**Assigned task**
Please repeat the records exactly, keeping the pictures out.

**Provided information**

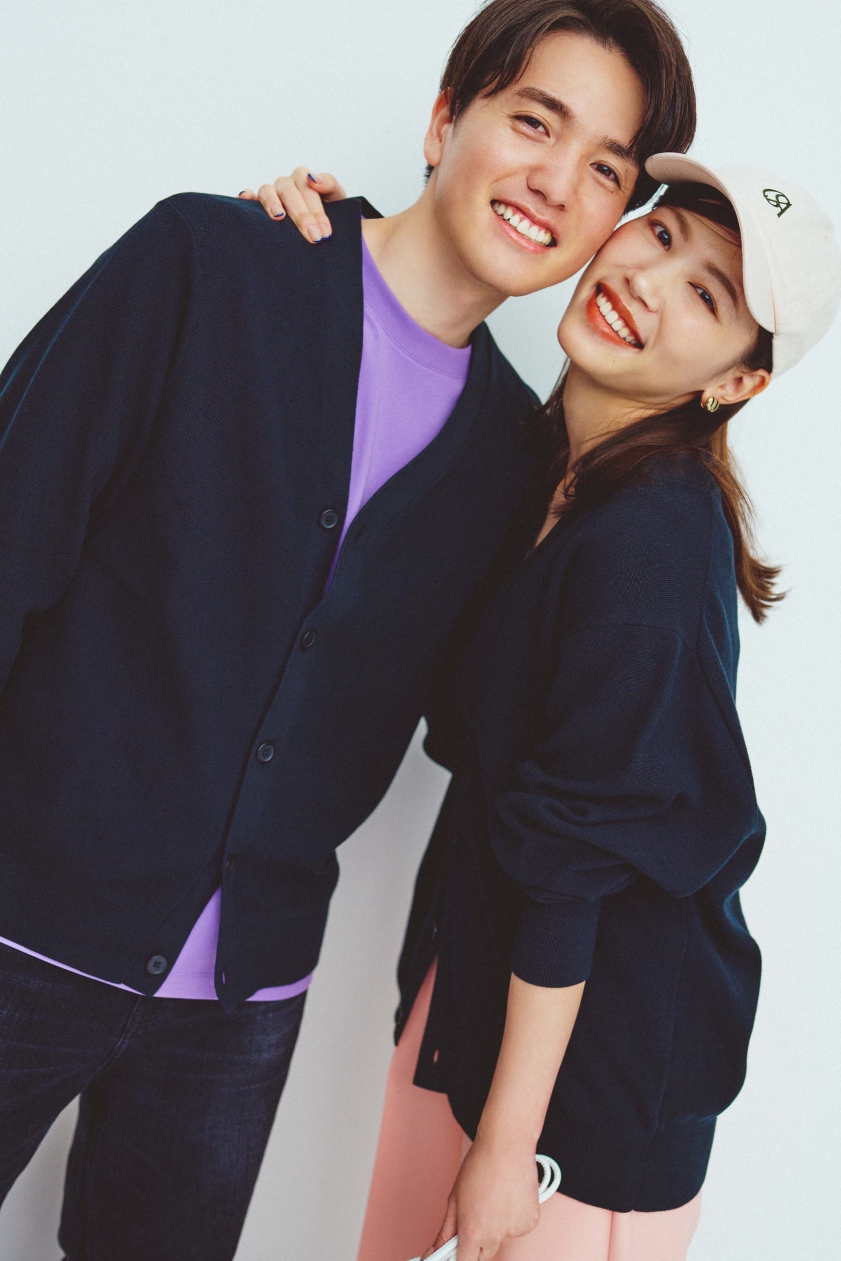 最近、カップルでひとつの服や小物を着回す「シェア服」が流行っているのをご存知ですか?挑戦してみたいけど、上手にコーデに落とし込めるか不安…という方も多いはず。そこで、手頃な価格で手に入る「ユニクロ」のメンズ&ユニセックス服を使った着こなし術を、人気スタイリストの近藤和貴子さんが伝授!今回は「ウォッシャブルミラノリブVネックカーディガン」を、実際に読者カップルに着用してもらいました。
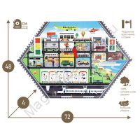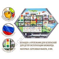 Размер бизиборда: 720*480*60 мм, он оснащен 4 крепежами для безопасной эксплуатации. Данный бизиборд можно купить как самостоятельную панель, так и в составе КМО Комплекта бизибордов и декоративных панелей для оформления стены ГОРОД ПРОФЕССИЙ (ИО-478).
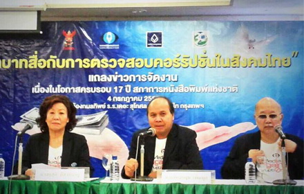 จัดงานครบรอบ 17 ปี สภาการหนังสือพิมพ์แห่งชาติ 4 ก.ค. 57 ชูประเด็นบทบาทสื่อกับการตรวจสอบคอร์รัปชั่น ‘กล้านรงค์’ ยอมรับที่ผ่านมาไทยประสบปัญหาสูง หนุนสื่อป้องกัน-ปราบปราม เน้นข่าวสืบสวนลงลึกข้อมูล
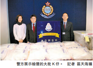 陈Sir称,今次是自2006年以来破获的最大宗「K仔」毒品案件。该贩毒集团属高层次集团,活跃已逾2个月,相信K仔专门供应给全港拆家,再分销到娱乐场所。现正追捕集团幕后主脑归案。
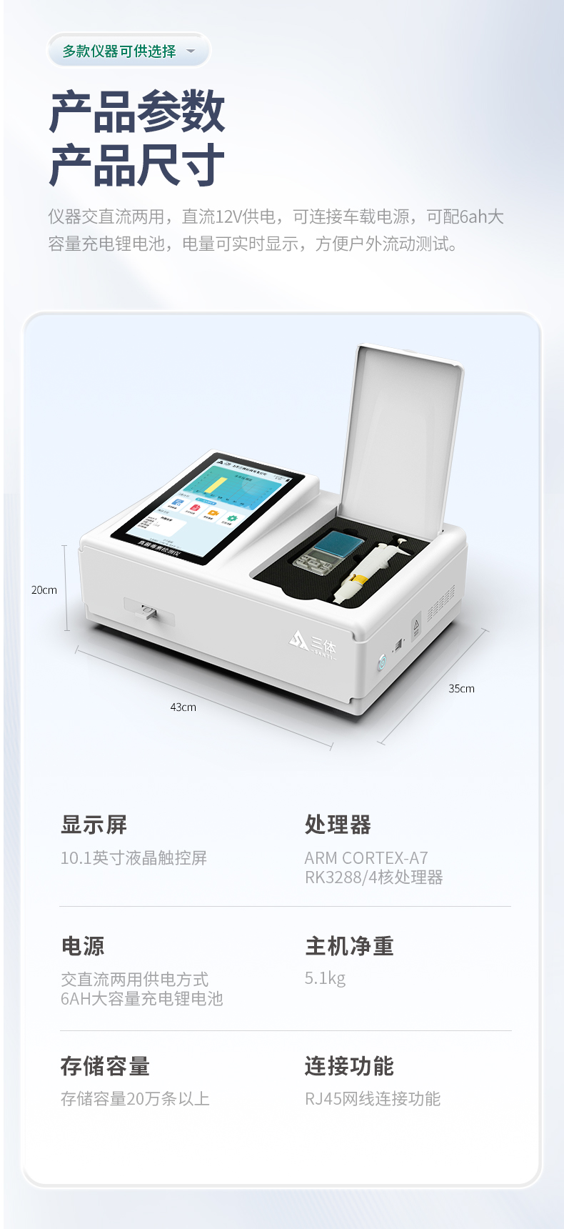 3.一體化臺(tái)式快檢設(shè)備,采用交直流兩用供電方式,可連接車載電源,配備6ah大容量充電鋰電池,可以滿足現(xiàn)場及流動(dòng)檢測使用的需求。儀器尺寸:43×35×20cm, 主機(jī)凈重:5.1kg
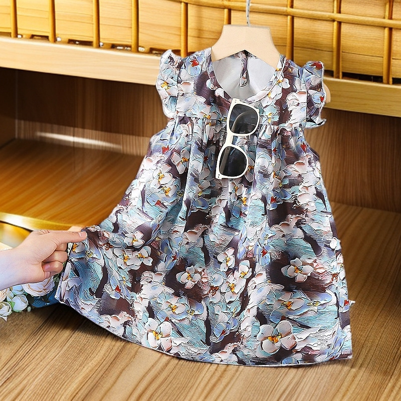 새로운 여자 꽃 패턴 비행 어깨 소매 인형 셔츠 스커트 탑 원피스 한국 아동복 2025 머리카락의 세대
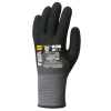 EUROLITE ÖKÖLCSONTIG FEKETE MIKROHABOSÍTOTT NITRIL+PETTY_8 Szürke, varrás nélküli, poliamiddal megerősített, 15-ös kötésű kesztyű. A tenyérrészen nitil mikrohab pettyekkel és kötött mandzsettával * OEKO-TEX® STANDARD 100 minősítés, CQ 1301/1, IFTH va
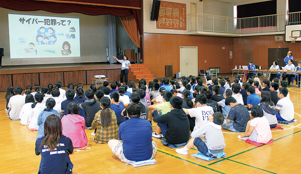 当日は、前半と後半に分かれ、全校生徒199人が受講。オンラインゲームの課金や、ネットでの出会いの危険性、スマートフォンに夢中になることの弊害などを映像を見ながら学んだ。児童らは「ネット依存になると生活できなくなるなんて怖いと思った」などと話し、藤澤会長は「サイバー犯罪は増加傾向にある。活動で少しでも被害が減れば」と話した。
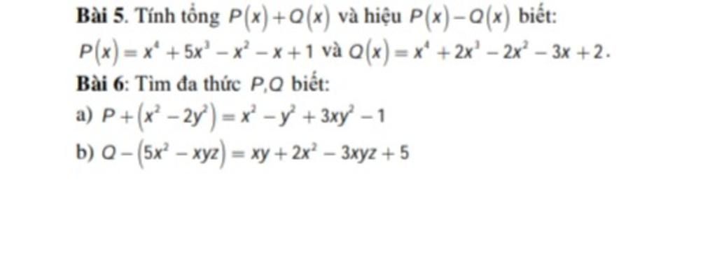 `b)` `Q-(5x^2-xyz)=xy+2x^2-3xyz+5`
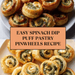 Easy Spinach Dip in Bite-Sized Pinwheels is a delicious appetizer featuring a creamy spinach and cheese filling rolled inside flaky puff pastry. Perfect for parties or snacks, these golden, savory pinwheels combine the richness of cream cheese, Parmesan, and flavorful spices baked to crispy perfection.

**Response area**
 最近、カップルでひとつの服や小物を着回す「シェア服」が流行っているのをご存知ですか?挑戦してみたいけど、上手にコーデに落とし込めるか不安…という方も多いはず。そこで、手頃な価格で手に入る「ユニクロ」のメンズ&ユニセックス服を使った着こなし術を、人気スタイリストの近藤和貴子さんが伝授!今回は「ウォッシャブルミラノリブVネックカーディガン」を、実際に読者カップルに着用してもらいました。
 Размер бизиборда: 720*480*60 мм, он оснащен 4 крепежами для безопасной эксплуатации. Данный бизиборд можно купить как самостоятельную панель, так и в составе КМО Комплекта бизибордов и декоративных панелей для оформления стены ГОРОД ПРОФЕССИЙ (ИО-478).
 จัดงานครบรอบ 17 ปี สภาการหนังสือพิมพ์แห่งชาติ 4 ก.ค. 57 ชูประเด็นบทบาทสื่อกับการตรวจสอบคอร์รัปชั่น ‘กล้านรงค์’ ยอมรับที่ผ่านมาไทยประสบปัญหาสูง หนุนสื่อป้องกัน-ปราบปราม เน้นข่าวสืบสวนลงลึกข้อมูล
 陈Sir称,今次是自2006年以来破获的最大宗「K仔」毒品案件。该贩毒集团属高层次集团,活跃已逾2个月,相信K仔专门供应给全港拆家,再分销到娱乐场所。现正追捕集团幕后主脑归案。
 3.一體化臺(tái)式快檢設(shè)備,采用交直流兩用供電方式,可連接車載電源,配備6ah大容量充電鋰電池,可以滿足現(xiàn)場及流動(dòng)檢測使用的需求。儀器尺寸:43×35×20cm, 主機(jī)凈重:5.1kg
 새로운 여자 꽃 패턴 비행 어깨 소매 인형 셔츠 스커트 탑 원피스 한국 아동복 2025 머리카락의 세대
 EUROLITE ÖKÖLCSONTIG FEKETE MIKROHABOSÍTOTT NITRIL+PETTY_8 Szürke, varrás nélküli, poliamiddal megerősített, 15-ös kötésű kesztyű. A tenyérrészen nitil mikrohab pettyekkel és kötött mandzsettával * OEKO-TEX® STANDARD 100 minősítés, CQ 1301/1, IFTH va
 当日は、前半と後半に分かれ、全校生徒199人が受講。オンラインゲームの課金や、ネットでの出会いの危険性、スマートフォンに夢中になることの弊害などを映像を見ながら学んだ。児童らは「ネット依存になると生活できなくなるなんて怖いと思った」などと話し、藤澤会長は「サイバー犯罪は増加傾向にある。活動で少しでも被害が減れば」と話した。
 `b)` `Q-(5x^2-xyz)=xy+2x^2-3xyz+5`
 Easy Spinach Dip in Bite-Sized Pinwheels is a delicious appetizer featuring a creamy spinach and cheese filling rolled inside flaky puff pastry. Perfect for parties or snacks, these golden, savory pinwheels combine the richness of cream cheese, Parmesan, and flavorful spices baked to crispy perfection.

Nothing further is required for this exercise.